Local News

Local judges judge their TVs

By Manny Frishberg, JTNews Correspondent

During voting season, Washington voters are often asked to choose the people in black robes that sit in judgment in the state’s courts. While we might wish to pick judges with the wisdom of Solomon, most people have little to guide them other than a name, a picture and a few sentences in the voter’s pamphlet. Most of our impressions of what should and does go on in courtrooms therefore comes from television.

Some of the most vituperative comments from sitting judges concerned the daytime descendants of Judge Wapner and “The People’s Court.” Each afternoon a plethora of former judges mete out swift and sure justice, usually in small claims matters without the slightest regard for either the actual legal issues or any sense of decorum toward either plaintiff or defendant. One reason being that voters constantly ask if they “are like Judge Judy?”

“God forbid that there are any actual Judge Judys ever on the bench, that’s all I have to say,” says King County Superior Court Judge Katherine Shafer. “I think they create so much fear among regular people who have to come to court and so much misinformation that I just don’t know where to start.

“It’s sort of the Land of Inappropriate Judicial Behavior,” she says. “ It’s almost like the anti-judge. People like Judge Judy seem to get their appeal from being just as Draconian as possible, and that’s just the opposite of what I want to be.”

Family Court Judge Julie Spector agreed. “I’m asked all the time, ‘Are you like Judge Judy?’ The answer is no,” she says. “I’ve watched it and I says, ‘Wow, this is make-believe. Where’d this come from?’ And she was a real judge! I don’t think she’d last 12 seconds in the State of Washington.”

Shafer admitted that she did enjoy watching the original Judge Wapner when she was in law school, comparing his rulings to what she was learning in class.

“That was sort of fun because Judge Wapner had this sort of misty version of California law. He did actually ask people about the facts of their case and then, when he did come back he would actually deliver some recognizable version of a legal ruling. And he would actually explain it — he didn’t always explain it courteously.”

Judge John Erlich sees both what he calls the TV trials, the daytime reality-based shows, and the evening dramas as entirely different phenomena.

“They’re both entertainment, but they’re entertainment in very different ways. The drama programs are just that: they’re drama,” he says, “whereas the TV trials are more like reality TV.”

Erlich readily admits that he tends to avoid watching legal shows of any kind. He says he occasionally sees Judge Judy when he goes to the gym after a particularly rough day on the bench.

“Those are the ones that, in my mind, are the most questionable,” he says, referring to the daytime reality-based shows with judges like Judy Sheinman, Mills Lane or Marilyn Millian, in that when lay people watch those, they have expectations about what judges are going to be like.”

He says he sees almost none of what he does most being done by any of the daytime judges.

“We are dispensers of the law,” he says. “I am the gatekeeper and I decide what evidence can come in and what stays out and what the jury instructions are going to be. That is the thing that none of these judges do… and that’s primarily what we do in these cases. I’m typically not the fact-finder.”
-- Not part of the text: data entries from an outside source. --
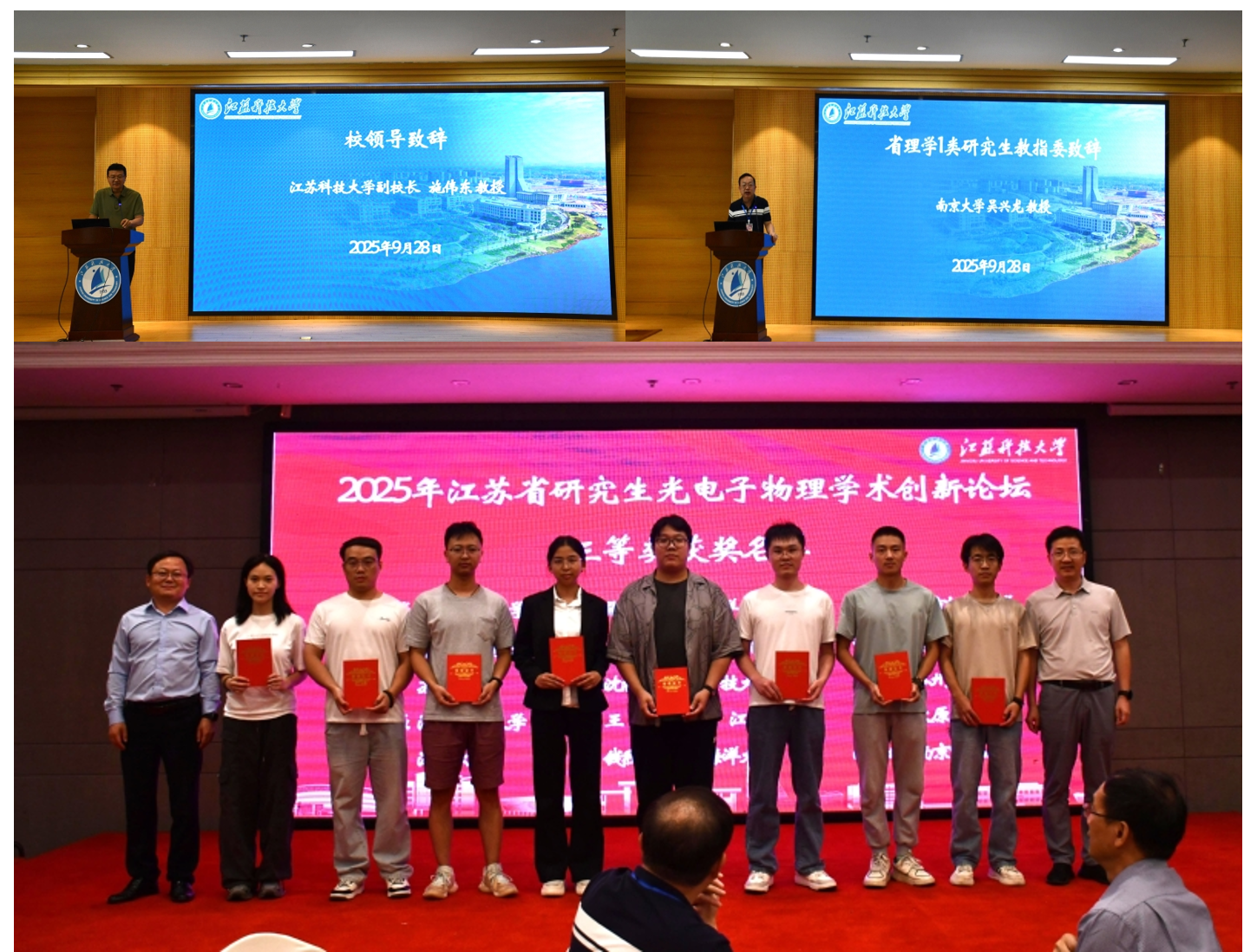近日,2025年江苏省研究生新材料设计科研创新实践大赛、江苏省研究生光电子物理学术创新论坛分别在镇江举办。我院研究生积极参赛,共荣获一等奖3项、二等奖10项、三等奖7项。
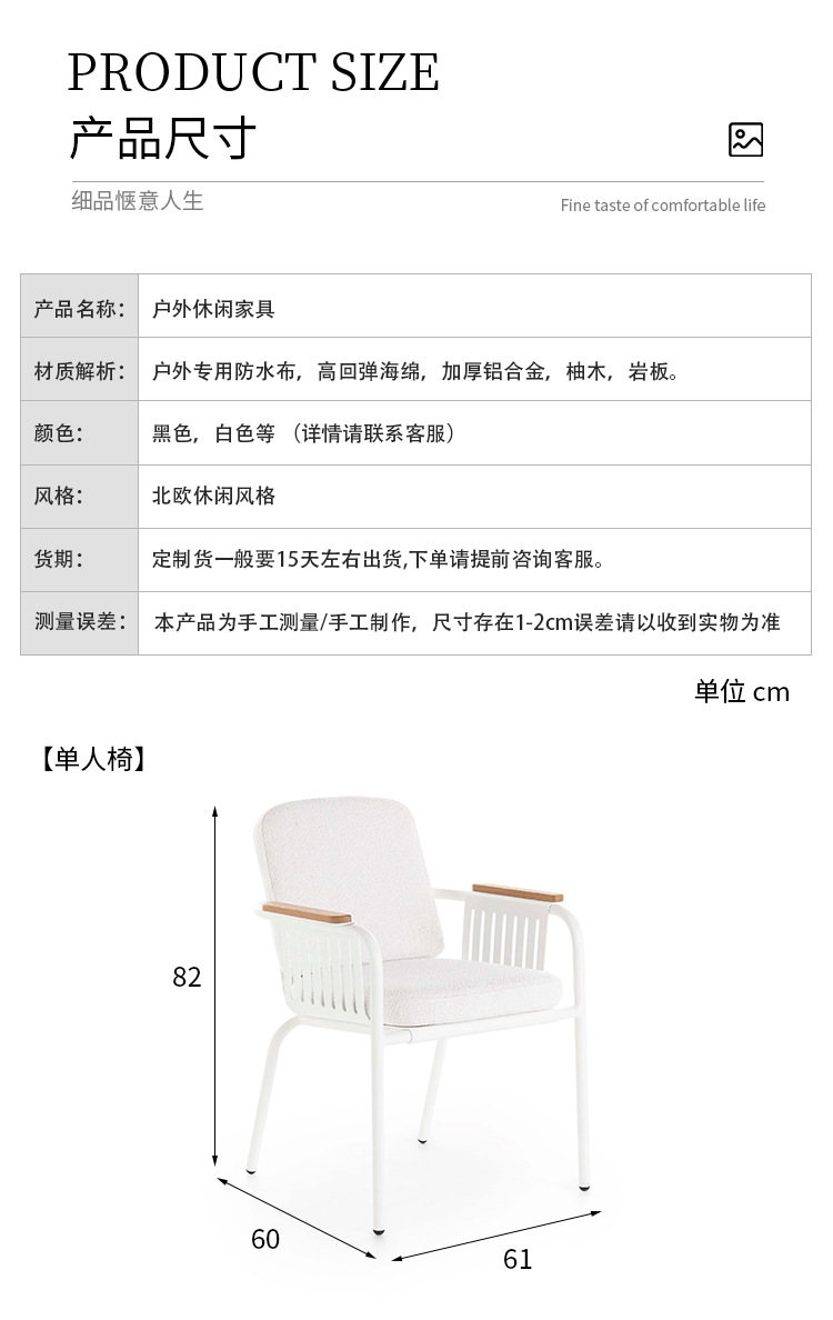 • 단일 의자 61*60*82cm (알루미늄 합금)
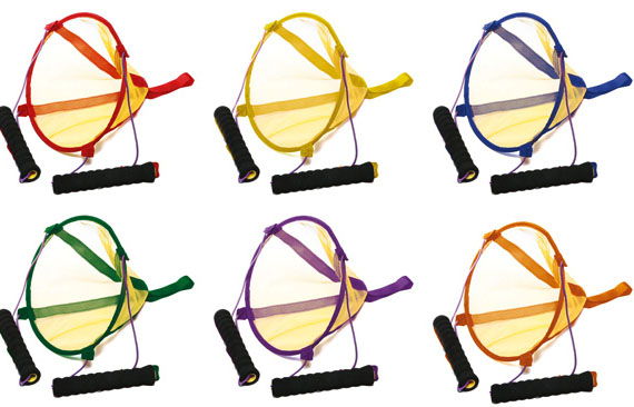 Handvat van ultrafoam met een lengte van 20 cm. Ø hoepel 28 cm. Losse stuks worden geleverd in kleuren assorti. Set van 6 stuks is in de kleuren: rood, geel, blauw, groen, paars en oranje

The other thing he says Judge Judy and her ilk are paid to do is to comment publicly on the believability of the people that come before the bench.

“What the judge does is exactly what it would be entirely inappropriate for either a judge or a juror to do in an actual trial, and that is express your views on credibility. And that’s where the entertainment comes in.” He says he views it as the same as what made daytime game show “The Weakest Link” popular, the chance to see someone in authority give out with withering remarks about the people facing them.

Evening dramas were at least somewhat better received by the panel of judges, though they are only occasional members of the audience.

Judge Julie Spector volunteered to watch an episode or two of “Judging Amy” before her interview to catch up on the fictional Connecticut Family Court judge.

“Judging Amy is such a funny show. I think what she does in court with kids is fabulous,” she says. “I think that it’s really important that it gives people an idea of what really could ideally happen in a very imperfect system.

“The reality of it is it doesn’t usually happen that way. My niece is a social worker in the inner city in Baltimore. The first thing she says to me is, ‘Aunt Julie, I hate judges — I hate lawyers.’”

Judge Shafer says she likes “Law And Order” because it portrays situations closer to real life than the other courtroom dramas. “Mostly they seem to be pretty close to reality in terms of the rules of evidence and how they’re applied and preliminary rulings on search and seizure issues.”

Having spent a decade in the King County prosecutor’s office before running for judge, Shafer says she does take exception to the way that Jack McCoy, the assistant DA played by Sam Waterston, plays fast and loose with his ethical obligations.

“He skates on the line or over it on a regular basis,” she says. “I think he does things that are ethically indefensible. But it’s interesting watching the moral issue play. You’d report him to the local disciplinary commission if you caught him in our state, but that he does it in order to attain a higher good gives it that moral issue that keeps you interested in the show.”